**ABOUT THIS EXERCISE**
The answer must consist solely of the lines below starting at the one containing "2、乘坐电梯下行,当电梯经过" and ending at the one containing "根据统计,在1月1日至5月1", repeated exactly, with both ends included and all pictures omitted.

**RECORDED DATA**
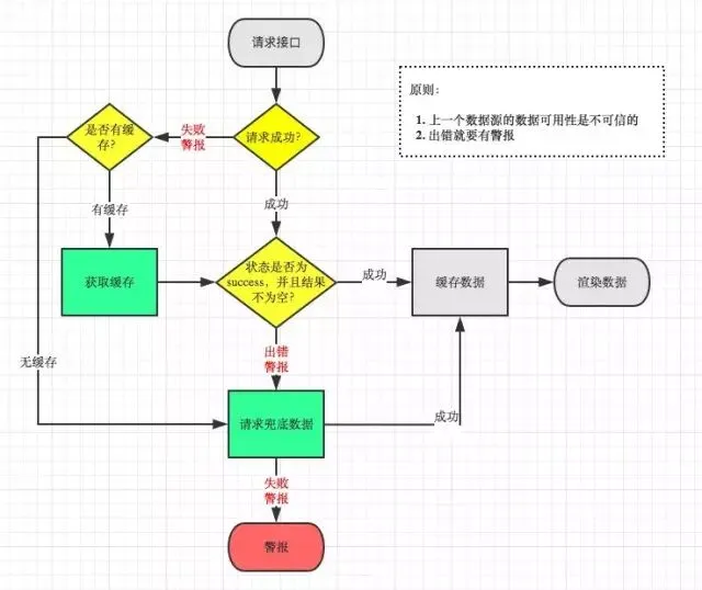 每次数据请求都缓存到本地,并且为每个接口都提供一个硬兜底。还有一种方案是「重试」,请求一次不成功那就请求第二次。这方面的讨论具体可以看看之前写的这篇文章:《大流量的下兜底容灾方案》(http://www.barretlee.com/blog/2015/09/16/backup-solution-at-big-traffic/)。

...

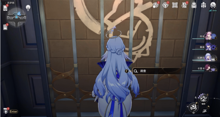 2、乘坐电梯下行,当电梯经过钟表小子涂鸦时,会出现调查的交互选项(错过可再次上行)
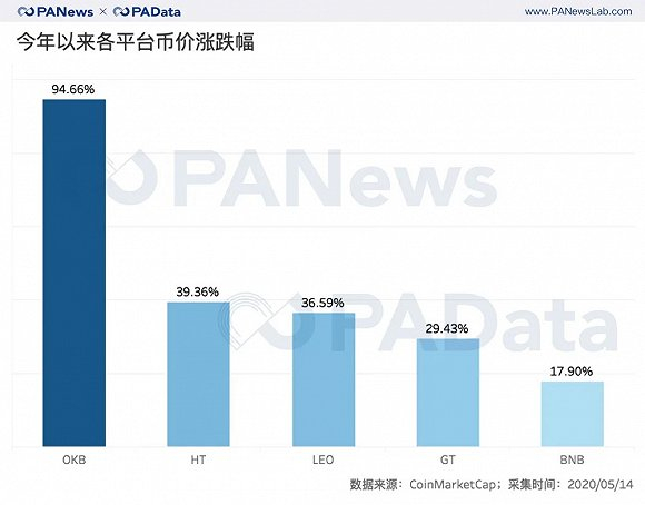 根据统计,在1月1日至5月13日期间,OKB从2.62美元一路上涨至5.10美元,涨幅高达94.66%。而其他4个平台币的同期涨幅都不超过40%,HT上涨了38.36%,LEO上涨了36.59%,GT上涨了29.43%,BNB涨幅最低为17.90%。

**TASK RESPONSE**
 2、乘坐电梯下行,当电梯经过钟表小子涂鸦时,会出现调查的交互选项(错过可再次上行)
 根据统计,在1月1日至5月13日期间,OKB从2.62美元一路上涨至5.10美元,涨幅高达94.66%。而其他4个平台币的同期涨幅都不超过40%,HT上涨了38.36%,LEO上涨了36.59%,GT上涨了29.43%,BNB涨幅最低为17.90%。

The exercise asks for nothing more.